TASK PROMPT:
The response should consist of the data below, copied exactly, with no pictures in it.

DATA TO USE:
────
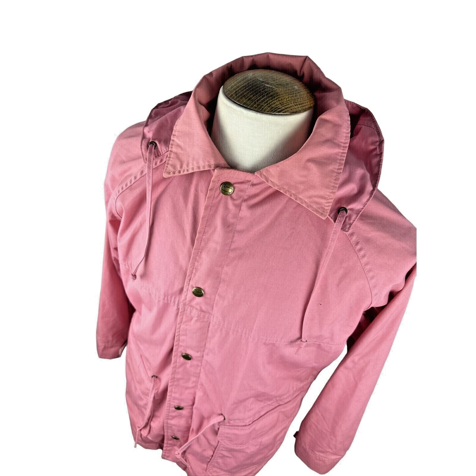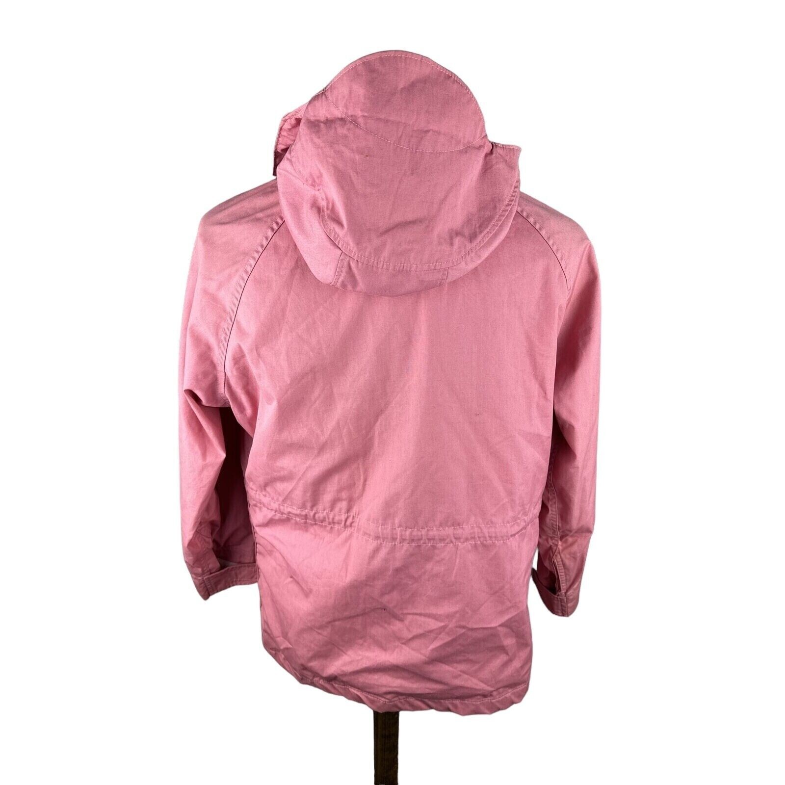 This Woolrich Women's Pink Hooded Jacket in size Large is a stylish and functional outerwear piece perfect for autumn, winter, and spring seasons. Made in the USA from waterproof polyester and nylon lining, it features a mid-length design with long sleeves and a hood for added protection against the elements. The jacket includes practical pockets and the Woolrich logo as accents, making it suitable for travel, casual, formal, or business occasions. This overcoat has a regular fit and is designed with a canvas fabric type, ensuring both comfort and durability for the wearer. Pit to Pit: Approx 24" Collar to Hem: Approx 29"
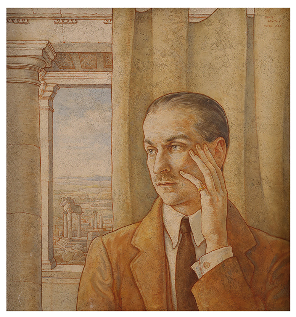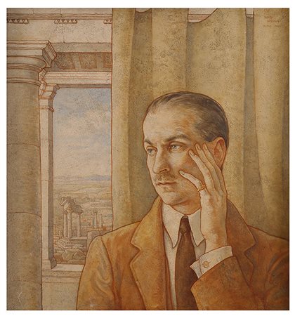 BORIS GEORGIEV Ritratto d’uomo alla finestra, 1925 Tecnica mista su tavola, 57 x 53 cm Firma, luogo e data in alto a destra: Boris Georgiev, Roma 1925
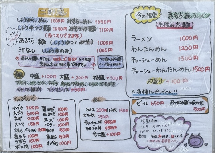 ちなみに定番のメニューのほかに限定麺も展開されていて、この時は右上にある喜多方風が限定扱いとなってました。実はこれ、限定の中では定番の商品のようで、やっとこさ食べる機会に恵まれたぞ🙌
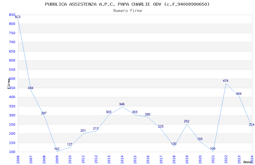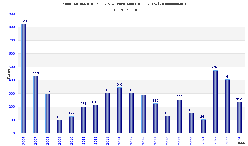 | 2006 | 823 | 15.718,58 | 19,10 | 2.496 | 115 | 20 | 1 |
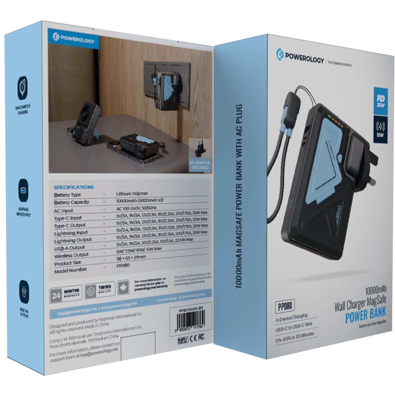Powerology 10000mAh Wall Charger MagSafe Power Bank PPBCHA80
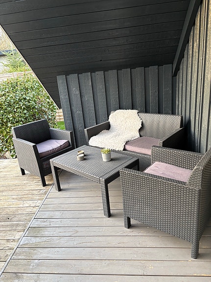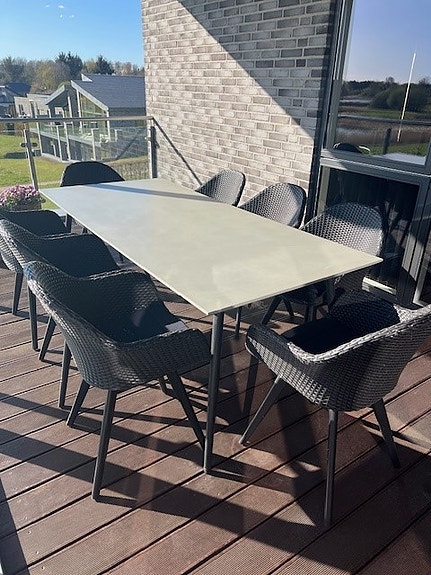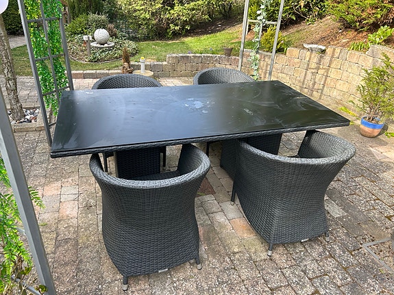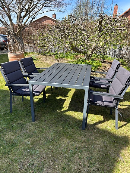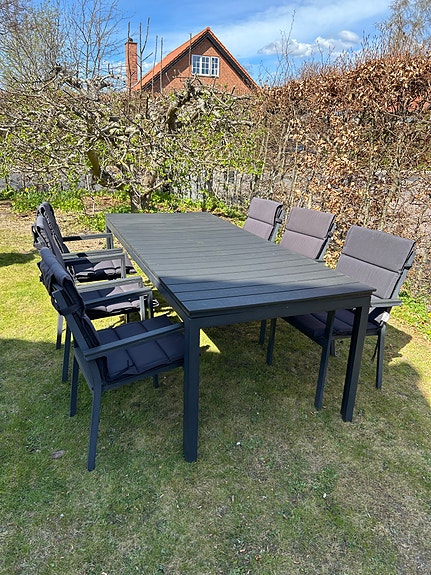 Havebord med 6 stole i sort non-wood (incl. hynder)
────
RESPONSE TO THE EXERCISE:
 This Woolrich Women's Pink Hooded Jacket in size Large is a stylish and functional outerwear piece perfect for autumn, winter, and spring seasons. Made in the USA from waterproof polyester and nylon lining, it features a mid-length design with long sleeves and a hood for added protection against the elements. The jacket includes practical pockets and the Woolrich logo as accents, making it suitable for travel, casual, formal, or business occasions. This overcoat has a regular fit and is designed with a canvas fabric type, ensuring both comfort and durability for the wearer. Pit to Pit: Approx 24" Collar to Hem: Approx 29"
 BORIS GEORGIEV Ritratto d’uomo alla finestra, 1925 Tecnica mista su tavola, 57 x 53 cm Firma, luogo e data in alto a destra: Boris Georgiev, Roma 1925
 ちなみに定番のメニューのほかに限定麺も展開されていて、この時は右上にある喜多方風が限定扱いとなってました。実はこれ、限定の中では定番の商品のようで、やっとこさ食べる機会に恵まれたぞ🙌
 | 2006 | 823 | 15.718,58 | 19,10 | 2.496 | 115 | 20 | 1 |
Powerology 10000mAh Wall Charger MagSafe Power Bank PPBCHA80
 Havebord med 6 stole i sort non-wood (incl. hynder)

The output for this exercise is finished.